Dan Ad Lumen traduisait et analysait des messages de Q sur sa page Facebook « 17FR » depuis deux ans quand le réseau social a décidé de la désactiver pour « examen » au début du mois d’octobre. « Au début, j’étais seul à faire ça, raconte ce quadragénaire québécois dans un mail à Vice France. Mais depuis quelques mois, d’autres sources francophones ont émergé. Des équipes de traductions de vidéos et d'analyses de messages ont vu le jour, ils ont répondu à la demande. » Ces nouveaux acteurs sont à portée de requête Google : Fils de Pangolin, Qactus, QAnon-France. Beaucoup de ces « suiveurs de Q » ont amassé des milliers d’abonnés en quelques mois. Au moment de sa désactivation, la page de Dan Ad Lumen comptait quelques 30 000 fans, pour la plupart français.

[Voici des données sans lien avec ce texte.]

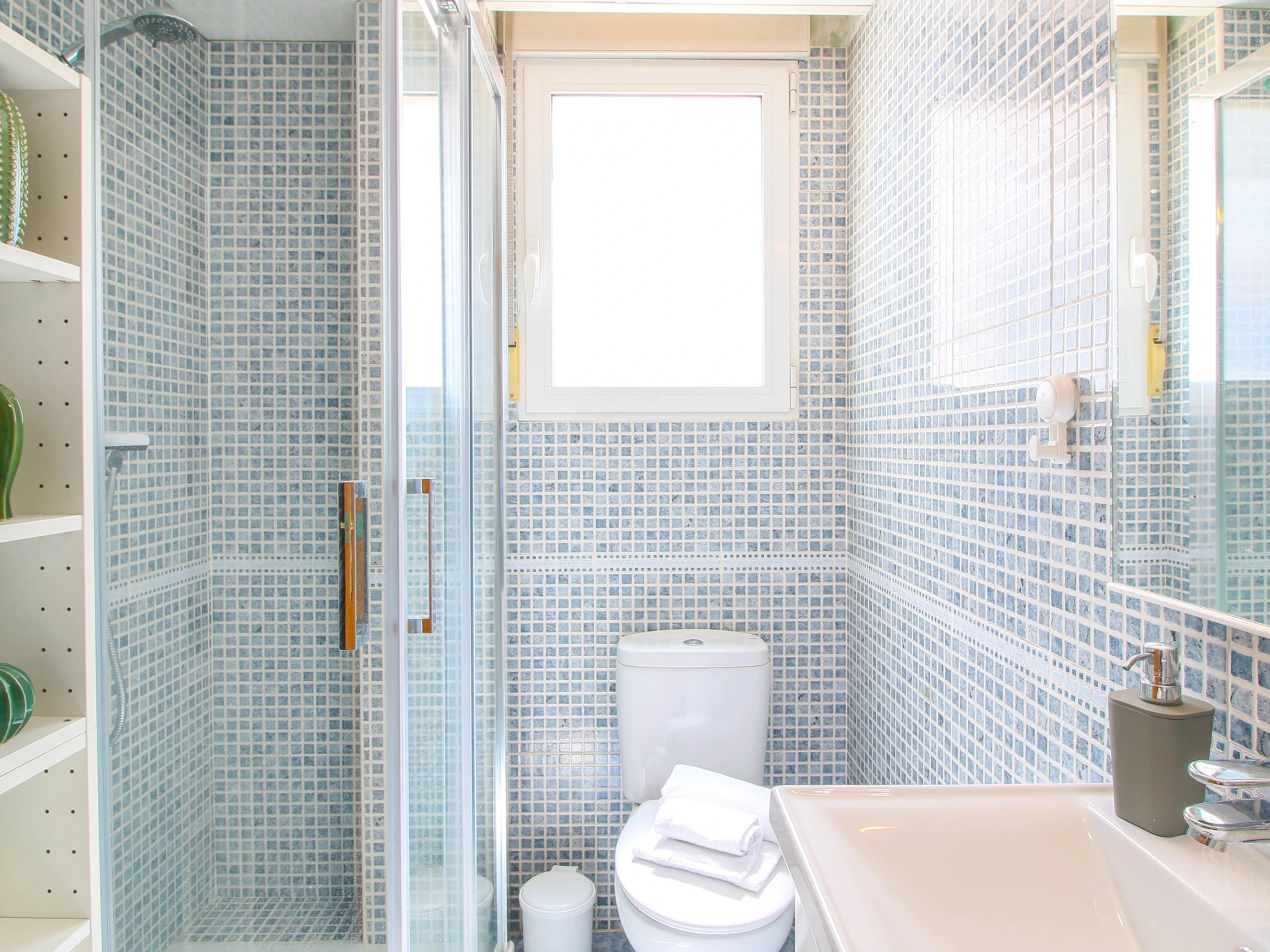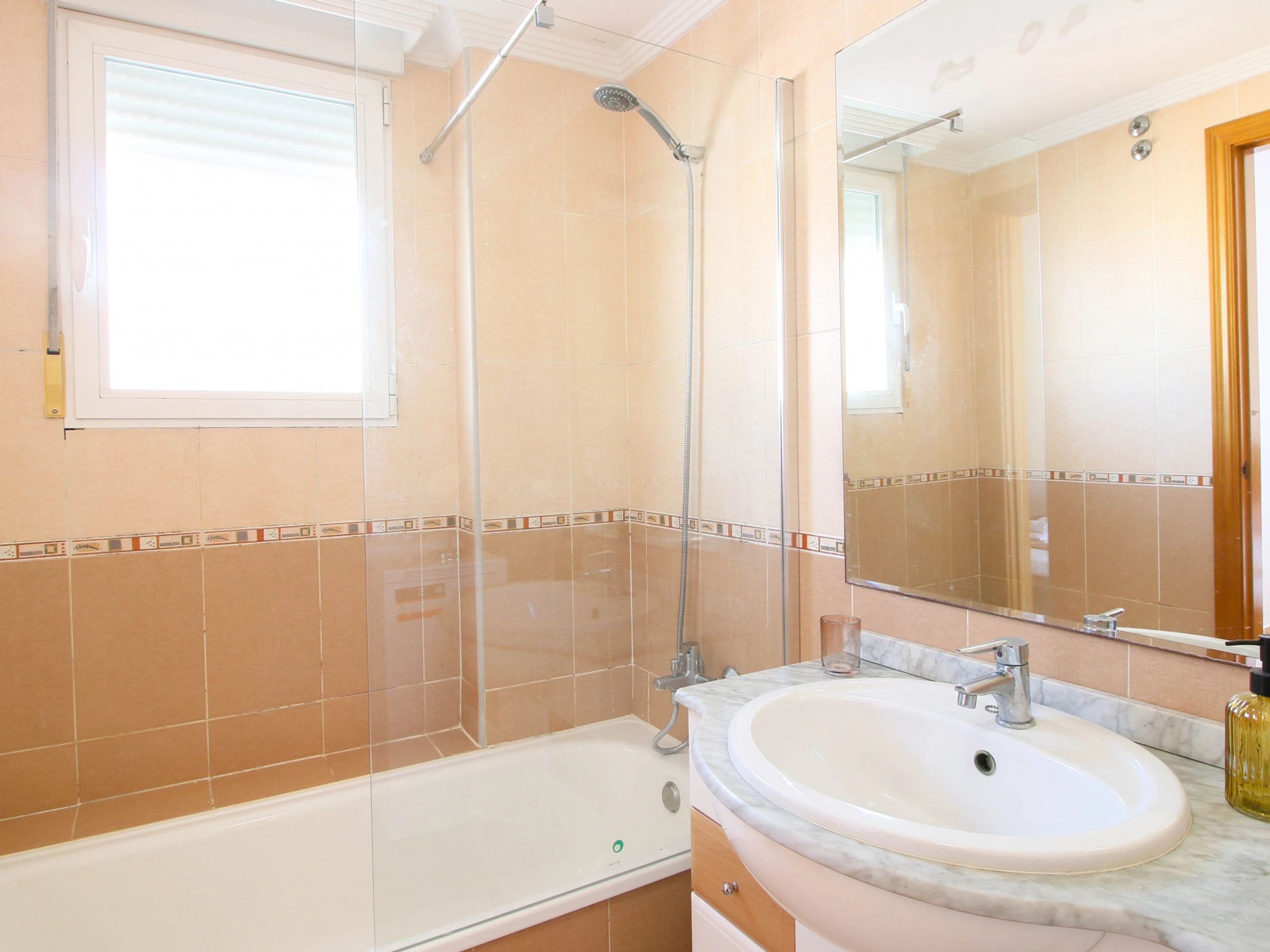 Das erste Schlafzimmer hat zwei Betten von 90 cm und einen Einbauschrank. Daneben befindet sich ein Badezimmer mit Dusche. Das zweite Schlafzimmer ist en suite. Es hat zwei nebeneinander stehende Betten von 90 cm und ein Badezimmer mit Badewanne.

En supprimant la barrière de la langue, les avant-postes québécois de QAnon comme 17FR ont largement contribué au lancement du mouvement en France. Alexis Cossette-Trudel, le présentateur du « média de réinformation national » Radio-Québec, semble jouer un rôle essentiel dans cette « Canadian Connection ». Le créateur de QAnon-FR a découvert le mouvement grâce à ses vidéos et ses analyses ont la faveur de Léonard Sojli : « Jusqu’ici, affirme le jeune homme, il s’est rarement trompé. » L’animateur des DéQodeurs affirme aussi « être en contact » avec Dan Ad Lumen, que les internautes ont déjà pu voir aux côtés d’Alexis Cossette-Studel sur le plateau de la chaîne complotiste Stu-Dio. Autrement dit, la collaboration franco-québécoise va bon train, mais elle n’est pas la seule responsable de l’implantation de QAnon en France.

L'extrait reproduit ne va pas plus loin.